Your assignment: Every entry is to be copied exactly as written, and the pictures are to be skipped.

Data provided:

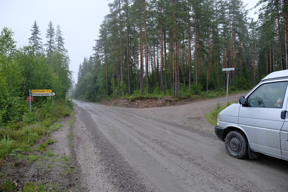 Na het kerkhof, waar tussendoor ook een Unimog en een Bremah 4x4-monster gearriveerd waren, zijn we doorheen de regen rustig verder gekabbeld, noordwaarts, doorheen Zweden, naar het punt waar de Noorse sectie van de TET begint, ten oosten van Øyermoen.
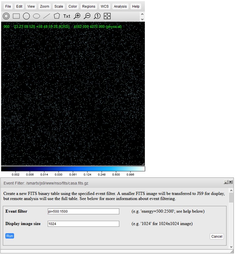 This function will generate a new FITS file based on specified criteria. To generate the new FITS file, run the event filter analysis. You will be prompted to enter your criteria. To do this, you will have to specify a column name (see the above row for information on columns) and a range in that column to display in the format column=lower:upper. For example, pi=500:1500 will result in an image that only displays pixels that are between a pi value of 500 and 1500. You are able to analyze this image as you would any other image. You can switch back and forth between this image and the original image using the File menu. You can pair this function with the overlay function to get an image that shows different ranges in different colors.
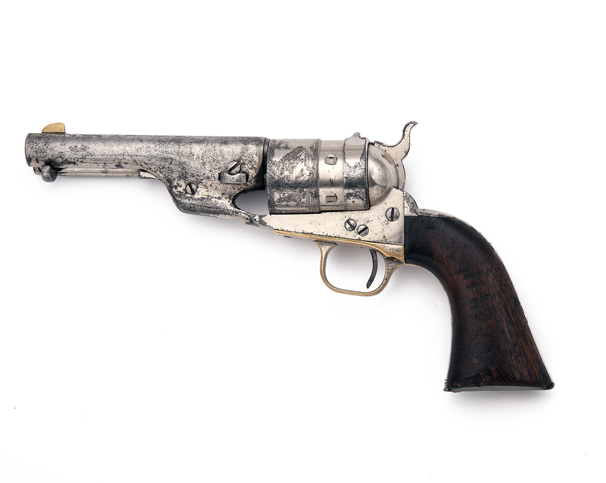 for between 1873-78, with probable factory shortened 4 3/4in. barrel signed 'ADDRESS COL. SAML. COLT NEW YORK U.S. AMERICA' (rubbed), plain open iron frame marked 'COLTS PATENT' (faint), plain cylinder with traces of naval scene, plated brass grip-straps, the side of trigger guard marked '44 CAL' (faint), smooth one-piece walnut grip and side-mounted ejector, all matching numbers, strong traces of nickel plate with some frosting elsewhere
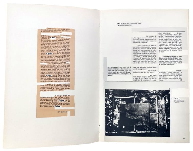 Hamburg, Edition Hossmann, 1972, 284x190mm, 16 pages non paginées, agrafé sous couverture titrée. Livre d'artiste illustré de photographies, collages et textes de l'auteur. Tirage de 500 exemplaires numérotés, état neuf. Moeglin-Delcroix 2011, p. 320. (105307)
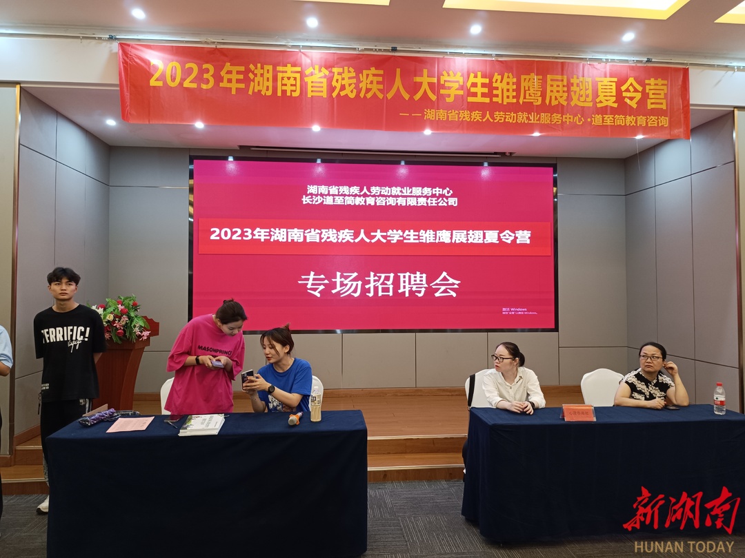 新湖南客户端6月30日讯(记者 刘琼琼)“以前投的简历都是石沉大海,没太多选择机会,这次的招聘会太给力了!目前有三家公司愿意录用我,此刻的心情真的特别激动,对未来满怀期待!”戴眼镜的年轻小伙子满面笑容地说道。今天, “用关注驱散迷茫 用专业达成梦想”2023年湖南省残疾人大学生雏鹰展翅夏令营专场招聘会活动在长沙举办,由湖南省残疾人劳动就业服务中心主办,长沙道至简教育咨询有限公司协办。
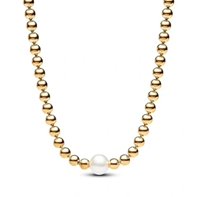 PANDORA Timeless Behandelte Süßwasserzuchtperle Collier Halskette aus Sterling Silber mit vergoldeter Metalllegierung und Zirkonia Steinen, Größe 45cm, 363176C01 45
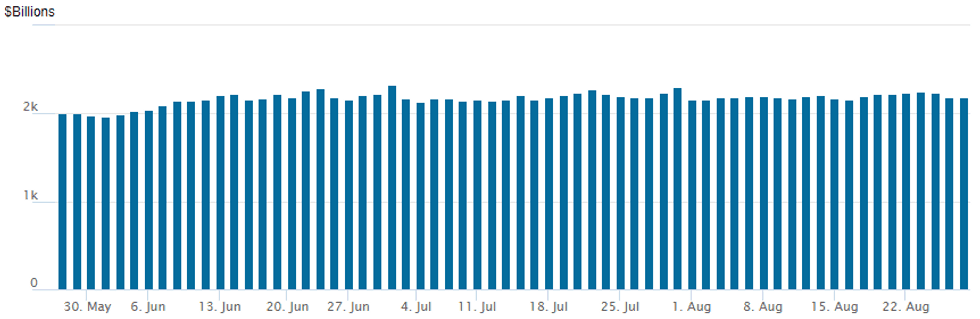 NY Fed reverse repo usages slips to $2,182.452B w/ 98 counterparties vs. $2,187.907B prior session. Record high still stands at $2,329.743B from Thursday June 30.

Task result:
 Na het kerkhof, waar tussendoor ook een Unimog en een Bremah 4x4-monster gearriveerd waren, zijn we doorheen de regen rustig verder gekabbeld, noordwaarts, doorheen Zweden, naar het punt waar de Noorse sectie van de TET begint, ten oosten van Øyermoen.
 This function will generate a new FITS file based on specified criteria. To generate the new FITS file, run the event filter analysis. You will be prompted to enter your criteria. To do this, you will have to specify a column name (see the above row for information on columns) and a range in that column to display in the format column=lower:upper. For example, pi=500:1500 will result in an image that only displays pixels that are between a pi value of 500 and 1500. You are able to analyze this image as you would any other image. You can switch back and forth between this image and the original image using the File menu. You can pair this function with the overlay function to get an image that shows different ranges in different colors.
 for between 1873-78, with probable factory shortened 4 3/4in. barrel signed 'ADDRESS COL. SAML. COLT NEW YORK U.S. AMERICA' (rubbed), plain open iron frame marked 'COLTS PATENT' (faint), plain cylinder with traces of naval scene, plated brass grip-straps, the side of trigger guard marked '44 CAL' (faint), smooth one-piece walnut grip and side-mounted ejector, all matching numbers, strong traces of nickel plate with some frosting elsewhere
 Hamburg, Edition Hossmann, 1972, 284x190mm, 16 pages non paginées, agrafé sous couverture titrée. Livre d'artiste illustré de photographies, collages et textes de l'auteur. Tirage de 500 exemplaires numérotés, état neuf. Moeglin-Delcroix 2011, p. 320. (105307)
 新湖南客户端6月30日讯(记者 刘琼琼)“以前投的简历都是石沉大海,没太多选择机会,这次的招聘会太给力了!目前有三家公司愿意录用我,此刻的心情真的特别激动,对未来满怀期待!”戴眼镜的年轻小伙子满面笑容地说道。今天, “用关注驱散迷茫 用专业达成梦想”2023年湖南省残疾人大学生雏鹰展翅夏令营专场招聘会活动在长沙举办,由湖南省残疾人劳动就业服务中心主办,长沙道至简教育咨询有限公司协办。
 PANDORA Timeless Behandelte Süßwasserzuchtperle Collier Halskette aus Sterling Silber mit vergoldeter Metalllegierung und Zirkonia Steinen, Größe 45cm, 363176C01 45
 NY Fed reverse repo usages slips to $2,182.452B w/ 98 counterparties vs. $2,187.907B prior session. Record high still stands at $2,329.743B from Thursday June 30.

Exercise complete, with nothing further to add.